**Work item**
Every line of the entries below from the one containing "I ordered Eggs" to the one containing "Researchers studied turbulence", both ends included, must be written out exactly. No other line belongs in the answer.
(Data extract)
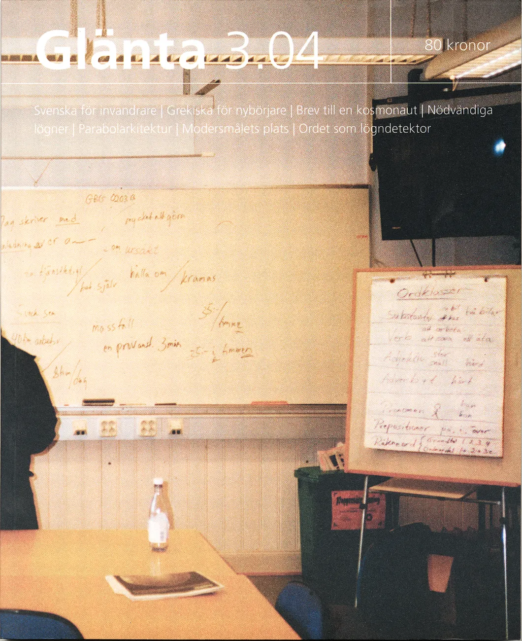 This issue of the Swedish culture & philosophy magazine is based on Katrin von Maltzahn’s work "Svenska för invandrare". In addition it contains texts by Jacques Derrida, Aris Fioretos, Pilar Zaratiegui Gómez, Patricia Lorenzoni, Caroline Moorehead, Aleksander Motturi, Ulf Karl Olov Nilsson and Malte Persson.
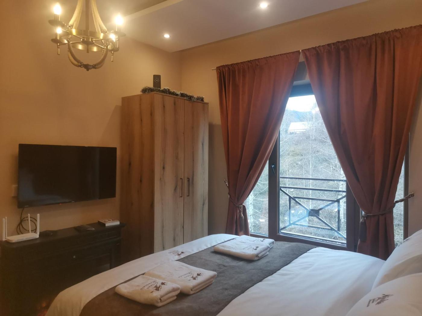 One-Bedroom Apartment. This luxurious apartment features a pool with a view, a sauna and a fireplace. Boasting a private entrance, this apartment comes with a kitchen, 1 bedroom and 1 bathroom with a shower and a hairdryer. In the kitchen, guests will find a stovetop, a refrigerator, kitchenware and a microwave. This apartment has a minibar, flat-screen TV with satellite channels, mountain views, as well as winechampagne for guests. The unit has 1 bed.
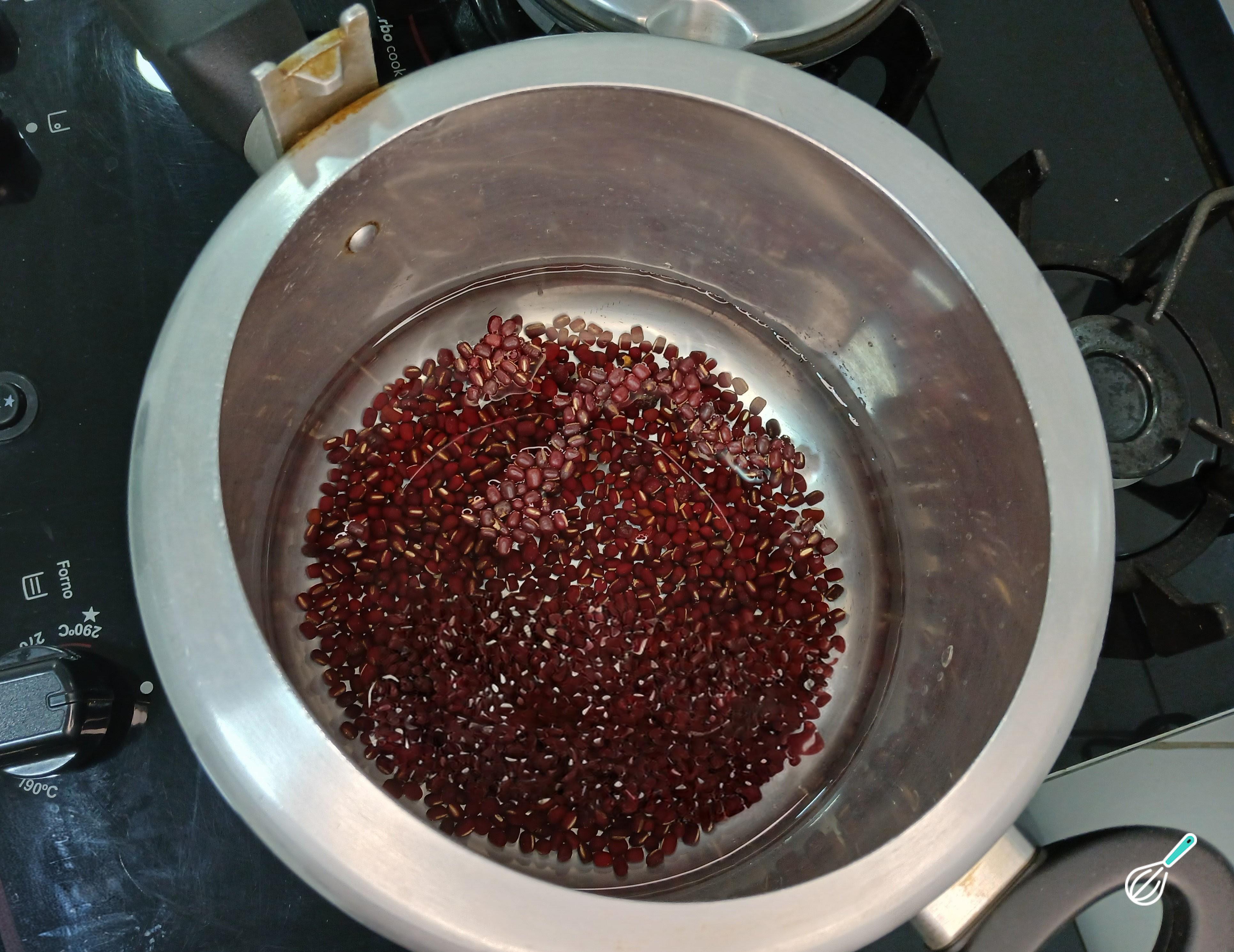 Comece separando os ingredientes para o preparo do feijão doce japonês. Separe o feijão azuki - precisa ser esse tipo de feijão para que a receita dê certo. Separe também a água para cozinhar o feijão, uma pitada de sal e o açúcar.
(End Data extract)
(Data extract)
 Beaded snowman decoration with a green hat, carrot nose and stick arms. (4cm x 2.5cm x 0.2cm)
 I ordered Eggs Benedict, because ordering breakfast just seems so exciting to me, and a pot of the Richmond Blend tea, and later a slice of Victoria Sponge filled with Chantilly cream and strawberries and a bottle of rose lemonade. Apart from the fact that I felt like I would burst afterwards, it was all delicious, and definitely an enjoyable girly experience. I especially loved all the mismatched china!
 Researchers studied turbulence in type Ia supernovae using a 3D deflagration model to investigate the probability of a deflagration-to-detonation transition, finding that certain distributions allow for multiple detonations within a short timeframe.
(End Data extract)
**Reply**
 I ordered Eggs Benedict, because ordering breakfast just seems so exciting to me, and a pot of the Richmond Blend tea, and later a slice of Victoria Sponge filled with Chantilly cream and strawberries and a bottle of rose lemonade. Apart from the fact that I felt like I would burst afterwards, it was all delicious, and definitely an enjoyable girly experience. I especially loved all the mismatched china!
 Researchers studied turbulence in type Ia supernovae using a 3D deflagration model to investigate the probability of a deflagration-to-detonation transition, finding that certain distributions allow for multiple detonations within a short timeframe.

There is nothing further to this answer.